Human Rights Watch (HRW) continues to reveal how photos of children, casually posted online years ago, are being used to train AI models, even when families use strict privacy settings. Last month, HRW researcher Hye Jung Han found 170 photos of Brazilian kids in LAION-5B, a popular AI dataset built from Common Crawl snapshots of the public web. Now, she has released a second report, flagging photos of Australian children, including indigenous children who may be particularly vulnerable to harm.
These photos are linked in the dataset “without the knowledge or consent of the children or their families.” They span the entirety of childhood, making it possible for AI image generators to create realistic deepfakes. URLs in the dataset sometimes reveal identifying information about children, including names and locations where photos were shot, making it easy to track down children whose images might not otherwise be discoverable online.
This puts children at risk, Han said, as some parents may not realize these dangers exist. For instance, from one photo showing “two boys, ages 3 and 4, grinning with paintbrushes,” Han traced “both children’s full names, ages, and the name of the preschool they attend in Perth, Western Australia.” Another image found by Han showed “a close-up of two boys making funny faces,” from a video posted on YouTube with privacy settings adjusted to “unlisted.” Only someone with the link was supposed to have access, but Common Crawl archived the image. YouTube policies prohibit AI scraping or harvesting of identifying information.
YouTube’s spokesperson, Jack Malon, told Ars that YouTube has “been clear that unauthorized scraping of YouTube content is a violation of our Terms of Service, and we continue to take action against this type of abuse.” However, Han worries that even if YouTube joins efforts to remove the images, the damage is done as AI tools have already trained on them. Han argues that kids need regulatory intervention before this happens.
Han’s report coincides with the forthcoming reform draft of Australia’s Privacy Act. The reforms include Australia’s first child data protection law, the Children’s Online Privacy Code. However, even people involved in long-running discussions are not sure how much the government will announce.

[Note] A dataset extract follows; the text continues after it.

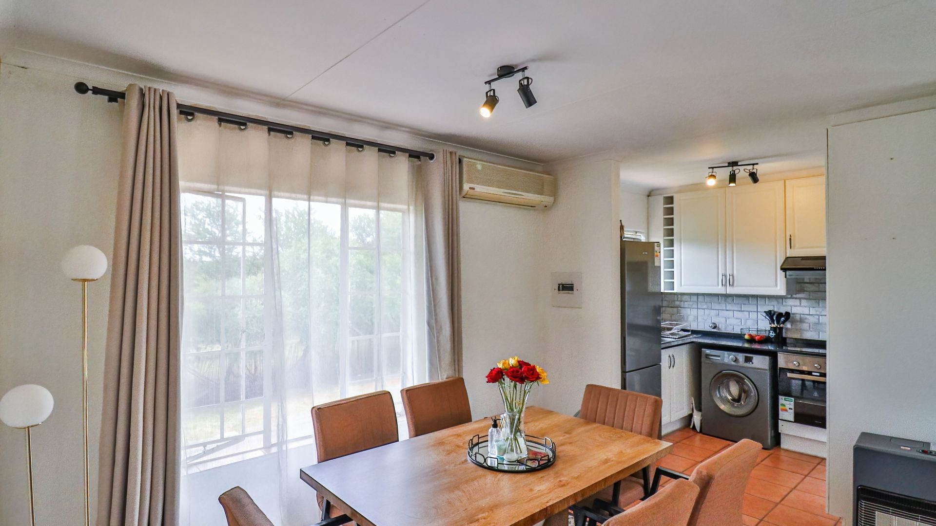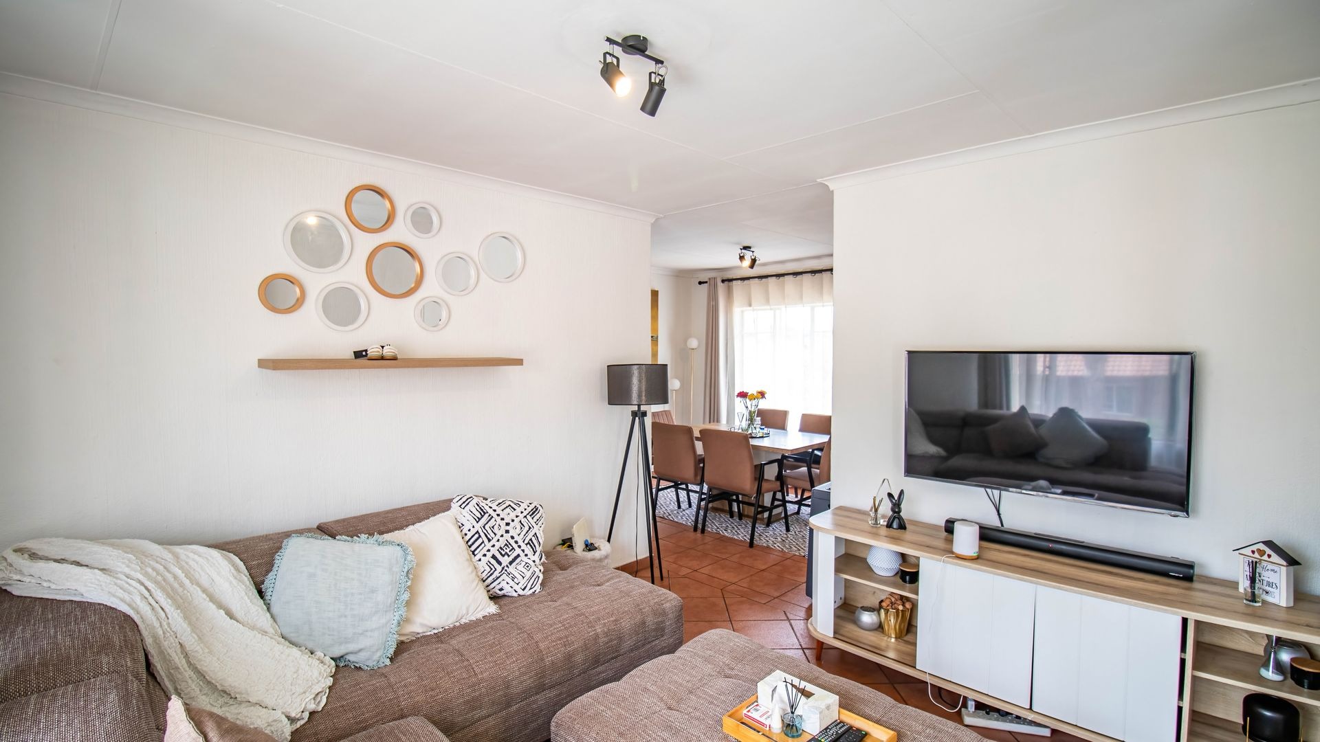 Discover this inviting 3-bedroom residence, perfectly situated within a secure complex in the desirable Highveld suburb of Centurion. Boasting a sturdy brick exterior and a classic tiled roof, this property offers a comfortable suburban lifestyle with convenient access to local amenities. Spanning a generous 110 sqm, the home features a welcoming entrance hall that leads into a spacious lounge and a dedicated dining room, ideal for both daily living and entertaining. The well-appointed kitchen includes a practical pantry, ensuring ample storage. Comfort is paramount with air conditioning and central heating, while sliding doors create a seamless indoor-outdoor flow to the private patio areas. Modern track lighting enhances the ambiance of the living spaces. Accommodation comprises three comfortable bedrooms, providing ample space for family or guests. The main bedroom benefits from a private en-suite bathroom, offering a personal retreat. A second full bathroom and a convenient guest toilet cater to the needs of the household. Step outside to a spacious, tiled patio and balcony, featuring partial overhead cover and dedicated outdoor seating areas, perfect for relaxation or al fresco dining while enjoying scenic views. The complex further enhances your lifestyle with a communal swimming pool and clubhouse. Practical amenities include a single garage and an additional parking bay, and the property is pet-friendly. Residents benefit from robust security measures, including an access gate, electric fencing, a security post, intercom system, and 24-hour security, ensuring peace of mind. Fibre connectivity is also available, supporting modern living and remote work needs. Highveld, Centurion, is a sought-after suburban area known for its tranquil environment and excellent connectivity to major routes and essential services, making it an ideal location for families and professionals. Key Features: * 3 Bedrooms, 2 Bathrooms (1 En-suite) * 110 sqm Floor Size * Spacious Tiled Patio & Balcony * Air Conditioning & Central Heating * Communal Pool & Clubhouse * Single Garage & Additional Parking * 24-Hour Security & Fibre Connectivity * Pet-Friendly Environment * Scenic Views

“Children in Australia are waiting to see if the government will adopt protections for them,” Han said, emphasizing that “children should not have to live in fear that their photos might be stolen and weaponized.”
Han reviewed fewer than 0.0001 percent of the 5.85 billion images and captions in the dataset. Given her small sample size, she expects a significant undercount of children impacted. “It’s astonishing that out of a random sample of 5,000 photos, I immediately encountered 190 photos of Australian children,” Han told Ars. She expected more photos of cats than personal photos of children since LAION-5B reflects the entire internet. LAION is working with HRW to remove flagged images, but cleaning the dataset is slow. Links to Brazilian kids’ photos reported a month ago remain.
In June, LAION’s spokesperson, Nathan Tyler, told Ars that as a “nonprofit, volunteer organization,” they are committed to addressing the misuse of children’s data. However, removing links does not remove the images online, where they can still be used in other AI datasets. Han points out that removing links doesn’t change AI models already trained on the data.
Children exposed to AI training face privacy risks, including the potential for harmful or explicit deepfakes. Last month, about 50 girls in Melbourne reported their social media photos being manipulated into sexually explicit deepfakes and circulated online. First Nations children face unique cultural harms as AI training could perpetuate the reproduction of photos during mourning periods.
AI models are notorious for leaking private information, Han said. Guardrails in image generators do not always prevent these leaks, with some tools repeatedly broken. LAION recommends parents remove kids’ images online to prevent abuse, but Han calls this “unrealistic and outrageous.” She insists on legal protections so kids don’t have to worry about their photos being misused.